今までの軍艦は兵士達は狭い部屋でハンモックで寝るという状況でした。
そのため安眠ではなく、睡眠不足や健康状態に問題が起きていました。

しかし大和ではベッドが使用されます。
ハンモックと違い平らなベッドで眠ることができる兵士たち。
寝返りも打て、熟睡ができるようになりました。

環境

軍艦の中といえば、とても暑く船の中にいるのに熱中症患者が出てしまうほどの暑さです。
しかし大和では冷房を装備していました。
元々軍艦には弾薬が爆発しないように弾薬庫には冷房が付いていました。
その設備を艦内全体に広げ、乗組員達の快適な生活環境を保つようにしたのです。

さらに売店などもあり、誰でも使えるようようになっていました。

それ以外にも個室で様式の水洗トイレや、手術まで可能な医務室なども完備されていて兵士がどんな状況になっても対応できるようにしていました。

お風呂

それまでは週に1回ぐらいのペースで海水風呂に入っていた軍艦の乗組員達でしたが、戦艦やmとでは3日に一度のペースで海水風呂につかれるようにしました。

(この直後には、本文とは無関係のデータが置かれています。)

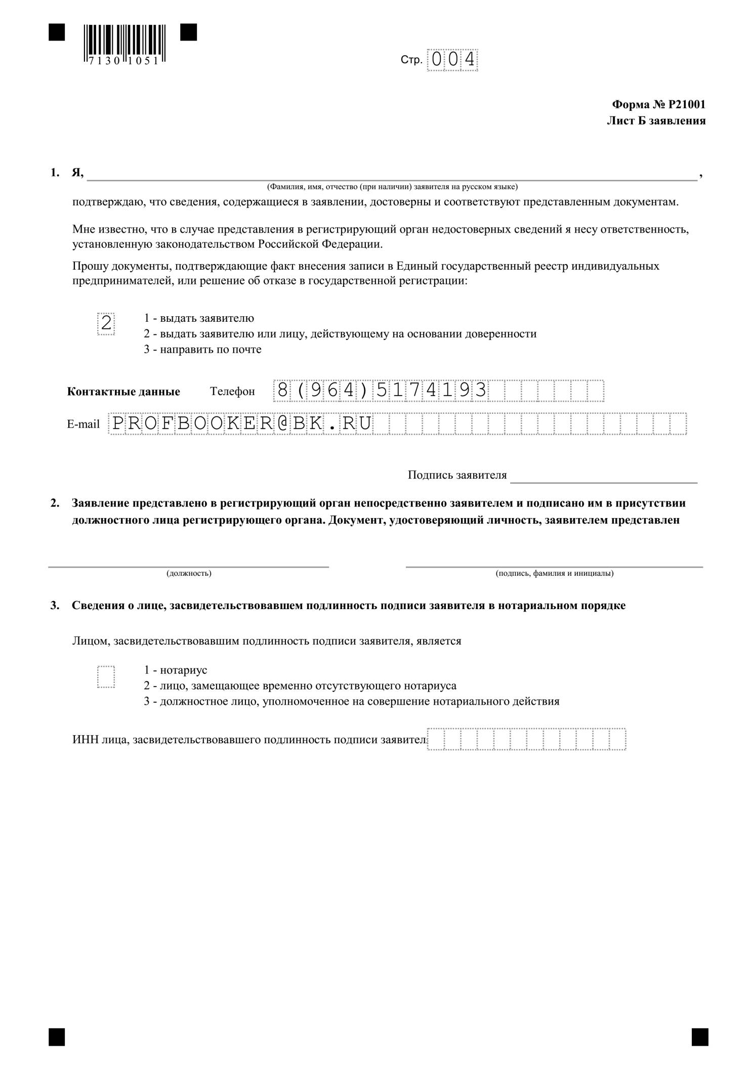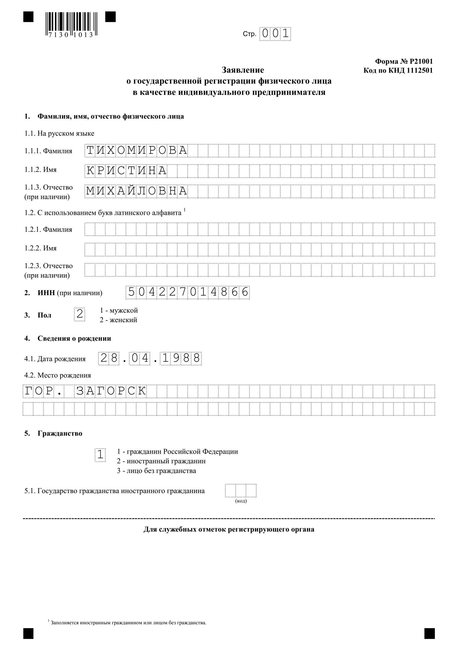 –Заявление о государственной регистрации физического лица в качестве индивидуального предпринимателя (форма № Р21001);

海水風呂は温泉と同様の効果があり、しおが体を温めてくれます。
この海水風呂に浸かることで、兵士たちは疲れを取ることができたのです。

食事

乗組員達の健康を1番に考えられた戦艦では、食事に関しても工夫されていたようです。

厳しい訓練に耐える兵士たちのために1日3000kcal以上の食事が与えられていて、栄養バランスも考えられた献立になっていました。

屈曲な体を作るために、食事もかなり工夫されていたようです。

さらに長い間船に乗っていると曜日感覚がなくなってしまうので、それを防ぐために毎週土曜日はカレーライスが振る舞われます。
たくさんのスパイスが使用され薬膳料理の位置付けもあったカレーライス。
乗組員達の間でも1番の人気メニューでした。

スパイスが中水神経を刺激し乗組員達の士気も上がります。
それが彼らのパフォーマンス向上に繋がっていたのかもしれません。

戦闘配置

快適な戦艦であったことから他の軍艦の乗組員達から「大和ホテル」などと皮肉も言われていた大和乗組員達でしたが、戦争が激しくなるとその状況も一変してしまいます。

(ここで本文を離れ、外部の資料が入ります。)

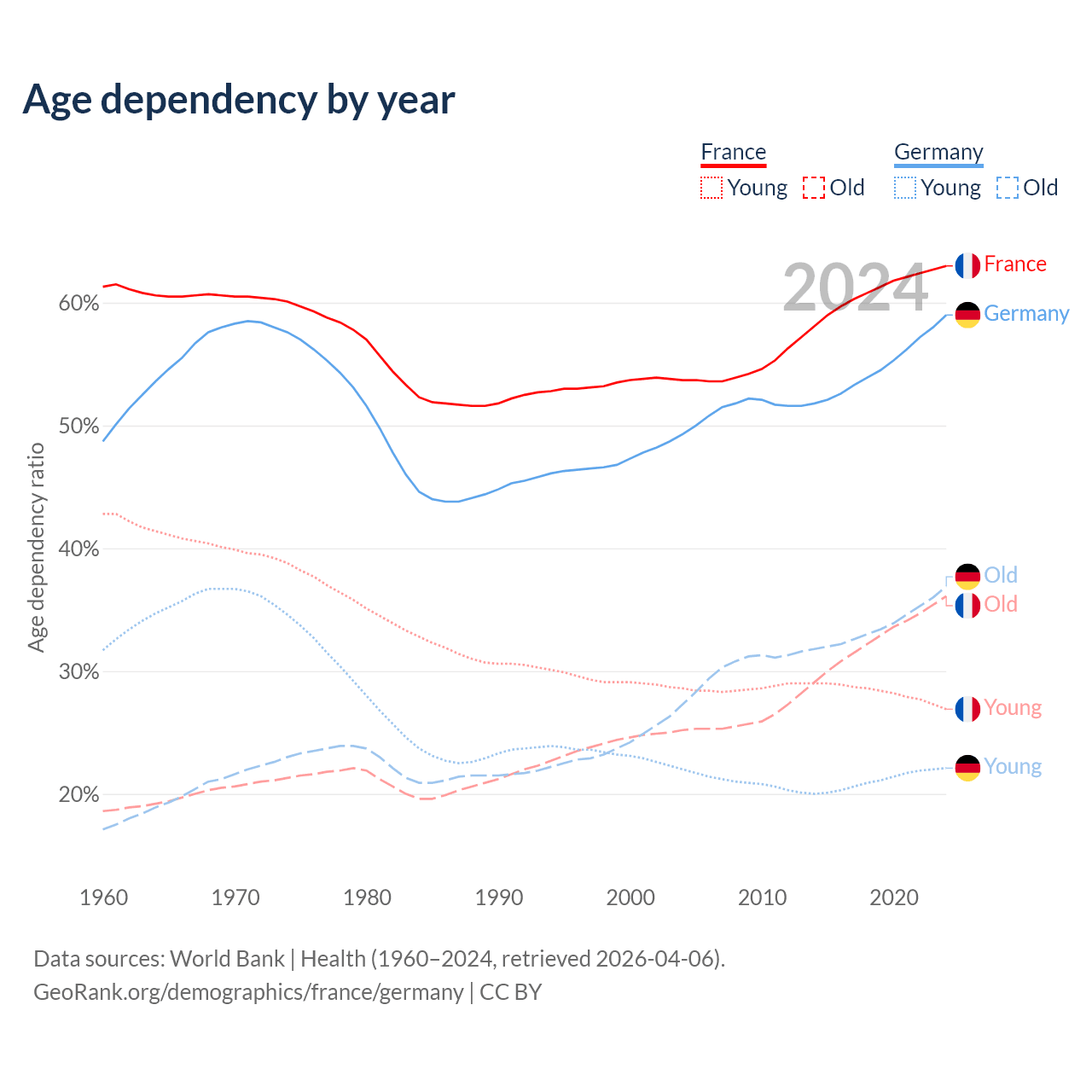 - France is ranked 29/196 by median age (oldest to youngest) vs 9/196 for Germany.

昭和19年6月のマリアナ沖海戦の頃から、大和が受ける攻撃も激しくなります。
アメリカ軍は大和の近くまで戦闘機で迫ってきます。
空を自由に飛び回る戦闘機相手に大和は追い詰められていったのでした。

その頃から大和の中ではある病気が蔓延します。
それは虫垂炎でした。

今までの快適な環境から一変して戦闘配置につきます。
食事も変わり一気に乗組員達をストレスが襲ってしまったのです。
このストレスが虫垂炎の原因だと考えられます。

さらに戦闘時配置時は大和の中は無音となります。
この無音が乗組員達を恐怖に落とし込むのです。
音のない閉鎖された空間の中にいると、感覚がどんどん研ぎ澄まされていきます。
恐怖と直面することになった乗組員達を過度なストレスが襲ったのでした。

 

世界一の戦艦と呼ばれた戦艦大和。
元乗組員達は大和での規則正しい生活が、今の自分を作っているとおしゃっています。
彼らは90歳を過ぎても元気で暮らしています。

沖縄の海で悲劇をむかえた戦艦大和は、海の底で平和で健康な暮らしを願っているのかもしれません。